Two projects are set to be substantially complete as of Wednesday evening:

• Replacement of original turnpike pavement east of Lawrence, extending east and west of the Lawrence Service Area. The project had limited traffic to one lane in each direction during summer 2010 and since early this past summer. All lanes will be open as of Wednesday evening, Fleming said.

• Replacement of Kansas River bridges, plus upgraded interchanges and other changes along the turnpike as it passes through Lawrence.
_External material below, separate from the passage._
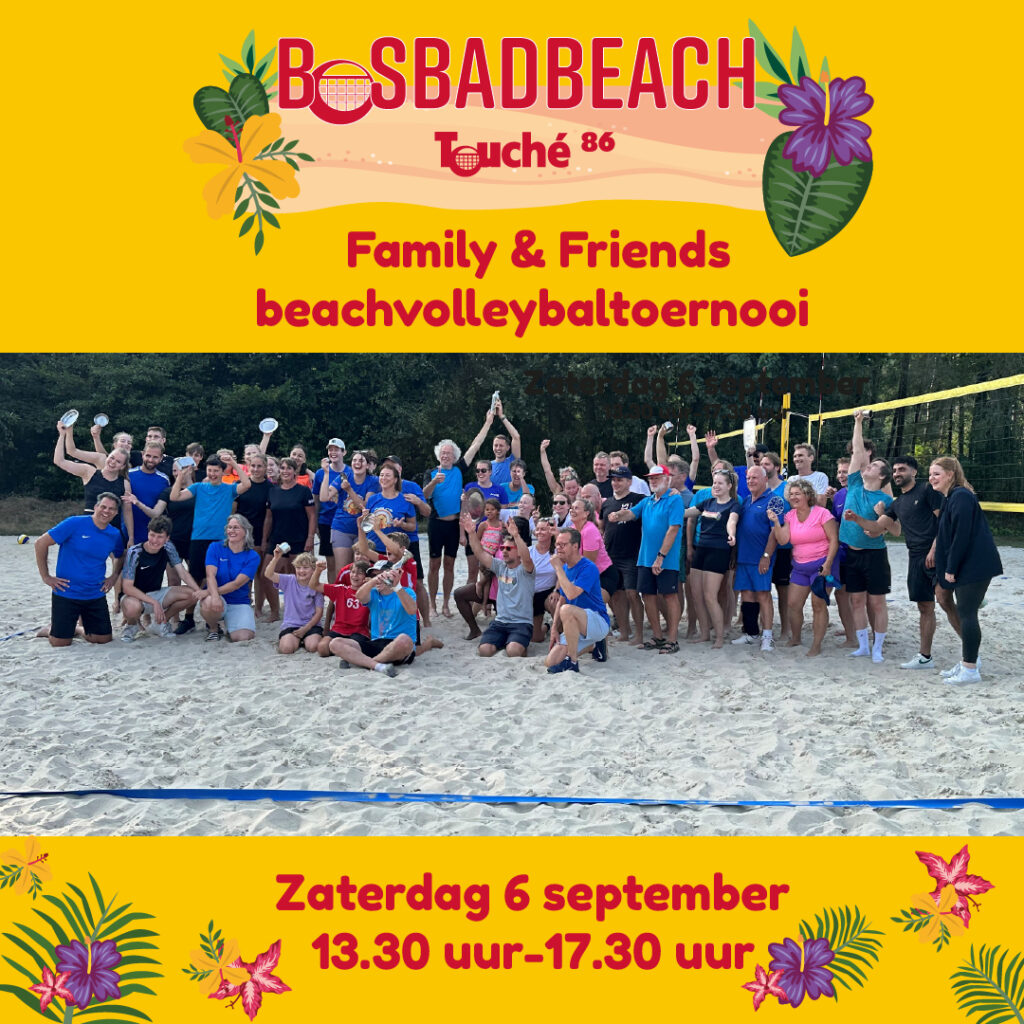 Vanaf nu kun je je team inschrijven voor het Family & Friends beachvolleybaltoernooi op zaterdag 6 september bij Bosbadbeach.

The project that began June 6, 2008, finally had all six lanes open in both directions for the first time a couple weeks ago.

Both jobs overhauled infrastructure that had been in place since the turnpike’s earliest days, after officials had broken ground along the banks of the Kansas River back on Dec. 31, 1954: The river bridges were built as part of the original turnpike, and a five-mile stretch of lanes east of Lawrence were the last to have their original pavement replaced.

Taken together, the two projects cost more than the $140 million that was spent back in the 1950s to build the entire 236-mile-long turnpike.

Comments

trailertrash 3 years, 2 months ago

Glad it's done but they could have done a better job on the west bound lanes and bridges....Really rough for a new roadway....

mfagan 3 years, 2 months ago

I asked Rex Fleming, the project engineer, if there was any minor work left to do and he explained that there still would be some "bump grinding" -- that is, milling down some rough spots -- to level out a couple areas of pavement... He may very well have been speaking about the section(s) you're referring to. If you've noticed it, I'm guessing he has. (But not the bridges; those are concrete, and he said the smoothing would be on asphalt...) Just to be sure, though, drop me a line -- either here or via email, mfagan@ljworld.com -- regarding some specific locations, and I can see about forwarding them along his way... - Mark Fagan Schools reporter

eotw33 3 years, 2 months ago

Good no more stupid signs that say, "we know it's a pain, with only one lane"

Steve Miller 3 years, 2 months ago

I wonder why it took so long with the dry weather and all ?

buffalo63 3 years, 2 months ago

Just hope that everyone will "drive friendly", especially over the new wider bridges.

kernal 3 years, 2 months ago

buffalo63, good luck with that. Coming home in the evening on K10, people keep their speed limit at 70 when the 65 is the posted limit and still at 70 when 45mph is the posted limit.

Everyone thinks he is a better driver than anyone else.

pace 3 years, 2 months ago

I think it has been a decade of "work". I hated the little white feel good signs, small lettering distracting in a construction zone and said nothing.